Hitting a Wall

Following Jesus is no joke. There’s a reason He tells those who would follow after Him to count the cost. Because there is a cost. (If discipleship costs you nothing, you’re not doing it right). Recently, I’ve hit a wall. Between the church I pastor and the homeless shelter I manage, I have two 24/7 jobs. Somewhere in there my wife expects to have a husband that is more than a charred cinder. This isn’t the life Jesus has called me to, but it’s the season He has me going through. And I’m tiredwicked tired, as we say in New England.

Sometimes we have to be brought to the end of our ropes to realize our great need for God’s sustaining strength and grace. Every day as my feet hit the cool morning floor and my eyes crack open, the emptiness of my tank reminds me that I need Him desperately. There’s no other way to survive the day. And this is true even when the demands of life and ministry aren’t kicking me in the teeth.

On our last trip to Ireland, I picked up a tiny replica of a stone hut used by early monks. It sits at the base of my computer reminding me not to forget the monastic elements of my spiritual life in the busyness of the missional. For those of us that do, it can be really hard to just be. The inflow has to power the outflow. We have to be poured into in order to pour into the lives of others. As much as Jesus engaged the multitudes, He was also ducking the crowds to get a little one-on-one time with His heavenly Father. We need to stop feeling guilty about being still before God as if our personal spiritual health is a selfish endeavor. Without the be, there’s little quality do.

As you go about the business of Jesus’ mission, beware the wall. Don’t forget where your strength and stamina come from. Pray for a fresh outpouring of the Holy Spirit to empower you.
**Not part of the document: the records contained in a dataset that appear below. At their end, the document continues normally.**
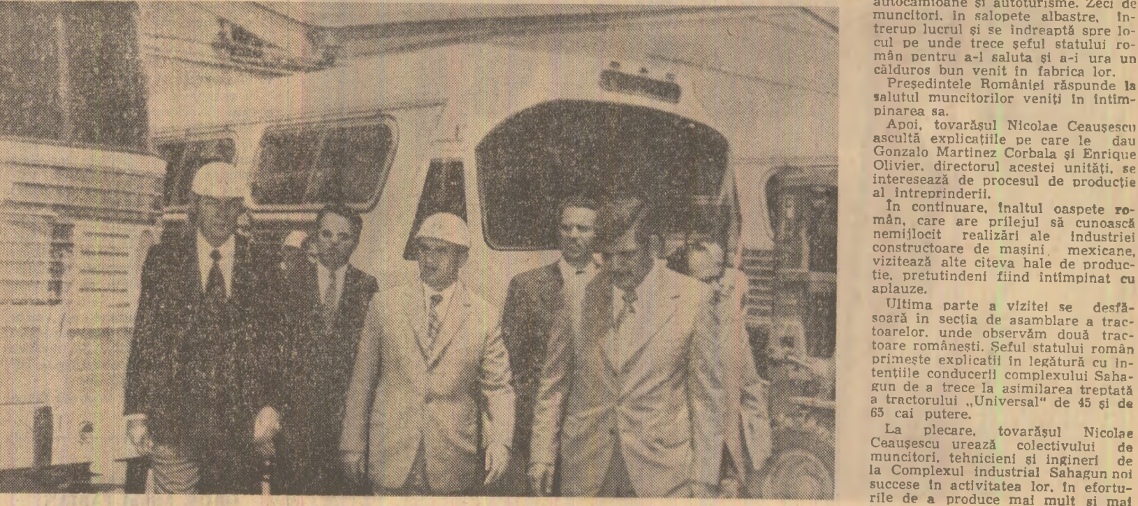
În timpul vizitei la Complexul industrial Sahagun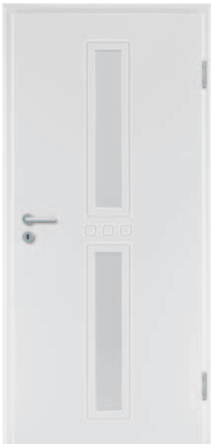
Freestyle 16 WeiBlack / 2SP01 / Glas Float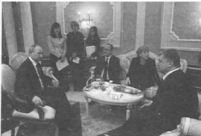
俄罗斯、乌克兰等五国就乌克兰危机进行和平谈判

现代国防虽然与传统的国防一样都是为了维护国家利益，但它所维护的国家利益，无论是内涵，还是范围，以及维护国家利益的行为方式，都远比以前丰富得多。国防所维护的国家利益主要是安全利益。首先，它是指国家作为一个政治利益实体的安全，包括巩固国家政治制度和领土主权完整，维护主导意识形态、民族团结和统一等。其次，它还指国家作为一个经济利益实体的安全，包括国家资源和经济活动、人民群众生命财产的不可侵犯性等。此外，它还指国家作为国际社会成员的地位和威望。一个国家在国际上的地位、尊严、荣誉、信誉、对外友好关系等，对国家的生存与发展都有着十分重大的影响。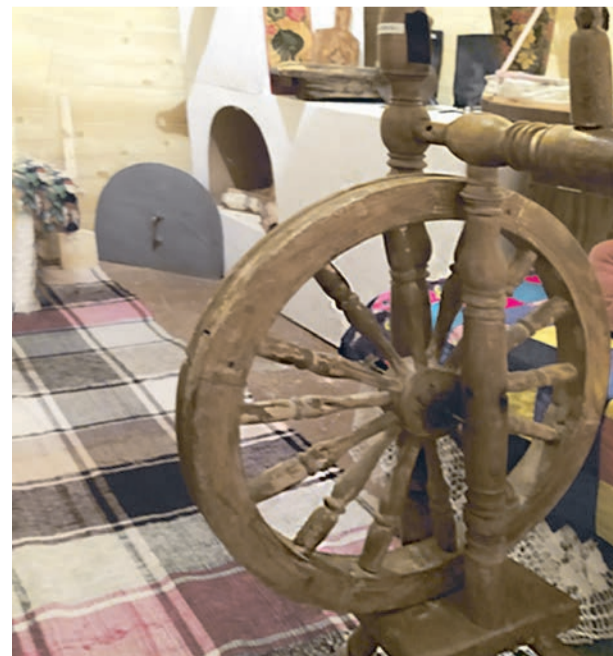
■ Музейная комната детсада № 5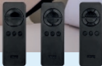
Verstelbare Bedbodem 1M

Finally, take to heart this quote from Martin Luther: It is a good thing to let prayer be the first business in the morning and the last in the evening. Guard yourself against such false and deceitful thoughts that keep whispering, “Wait a while. In an hour or so I will pray. I must first finish this or that.” Thinking such thoughts we get away from prayer into other things that will hold us and involve us till the prayer of the day comes to naught.